The task ::
The following data has a line with "In the Customer" and a line with "STACK OF 5 BLACK". Write out exactly those lines and all the lines between them.

Data extracts ::
^^^^^^^^

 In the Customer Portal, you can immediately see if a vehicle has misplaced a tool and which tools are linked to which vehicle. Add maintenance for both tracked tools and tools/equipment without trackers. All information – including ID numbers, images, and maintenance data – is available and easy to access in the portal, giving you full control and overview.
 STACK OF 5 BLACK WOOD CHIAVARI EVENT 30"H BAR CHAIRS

^^^^^^^^

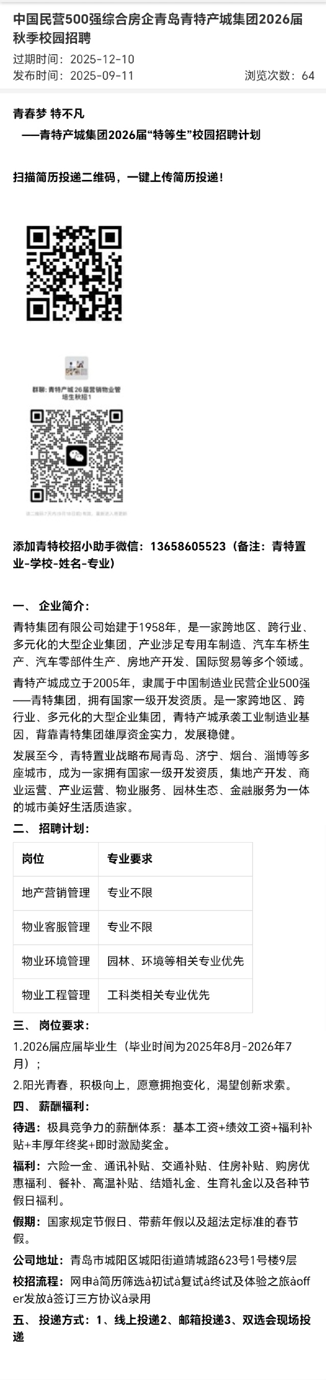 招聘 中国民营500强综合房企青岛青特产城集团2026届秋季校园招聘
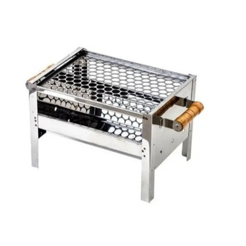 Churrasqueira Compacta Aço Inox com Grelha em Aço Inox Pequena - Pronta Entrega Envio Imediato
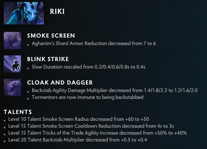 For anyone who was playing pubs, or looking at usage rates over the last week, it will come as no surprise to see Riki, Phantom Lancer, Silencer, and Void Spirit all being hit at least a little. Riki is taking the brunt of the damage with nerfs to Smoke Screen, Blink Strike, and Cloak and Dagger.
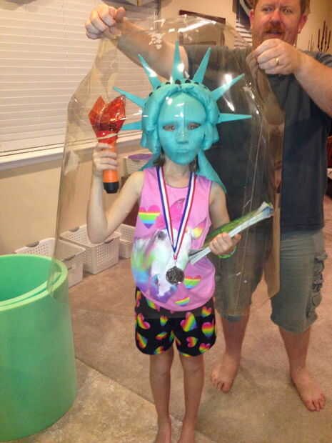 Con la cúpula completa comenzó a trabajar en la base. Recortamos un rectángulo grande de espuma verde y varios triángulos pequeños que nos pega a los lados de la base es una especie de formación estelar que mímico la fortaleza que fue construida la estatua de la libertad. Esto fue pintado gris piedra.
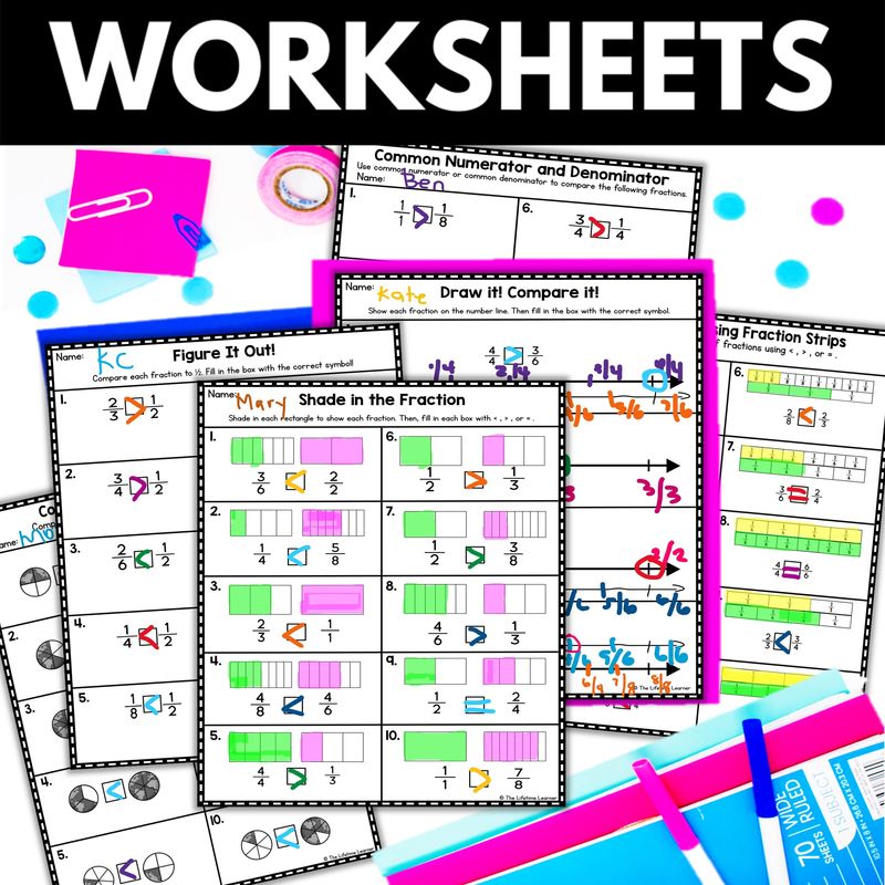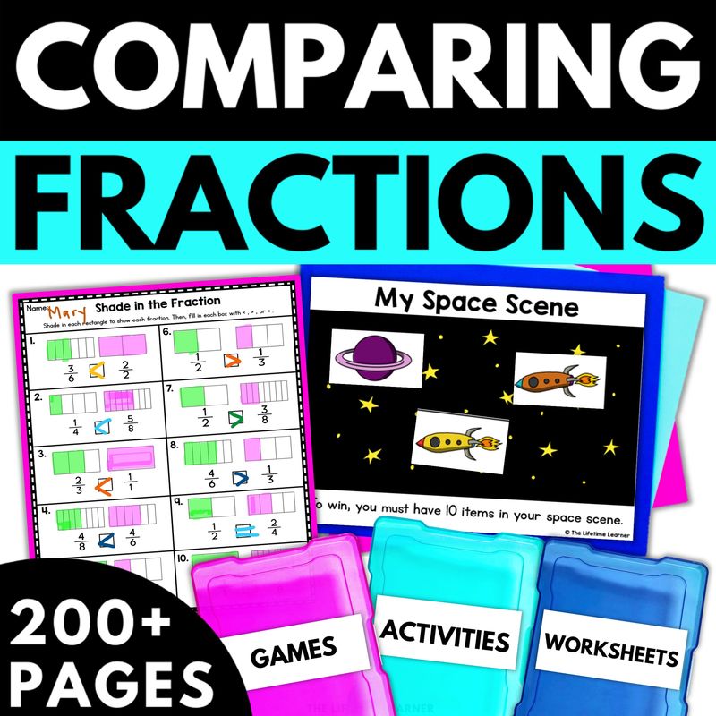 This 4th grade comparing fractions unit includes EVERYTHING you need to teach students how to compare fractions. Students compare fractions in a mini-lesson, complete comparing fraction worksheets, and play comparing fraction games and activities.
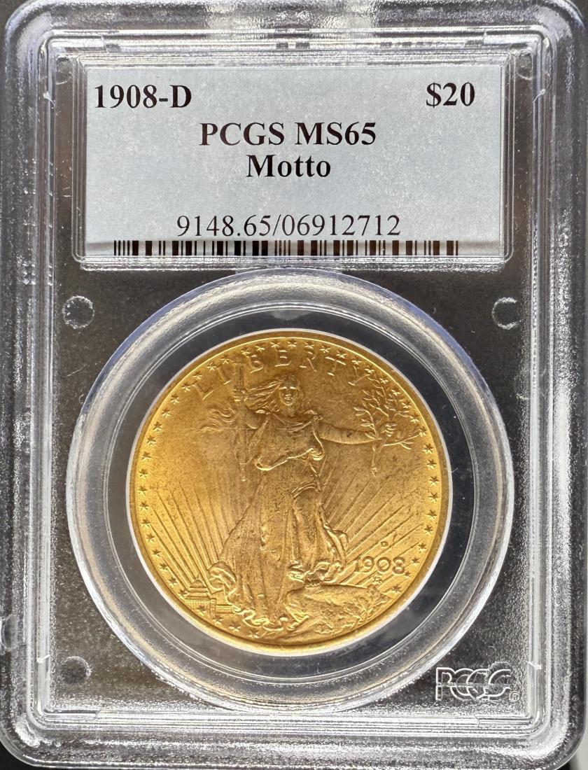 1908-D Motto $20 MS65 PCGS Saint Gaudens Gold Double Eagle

^^^^^^^^

Solution for this exercise ::
 In the Customer Portal, you can immediately see if a vehicle has misplaced a tool and which tools are linked to which vehicle. Add maintenance for both tracked tools and tools/equipment without trackers. All information – including ID numbers, images, and maintenance data – is available and easy to access in the portal, giving you full control and overview.
 STACK OF 5 BLACK WOOD CHIAVARI EVENT 30"H BAR CHAIRS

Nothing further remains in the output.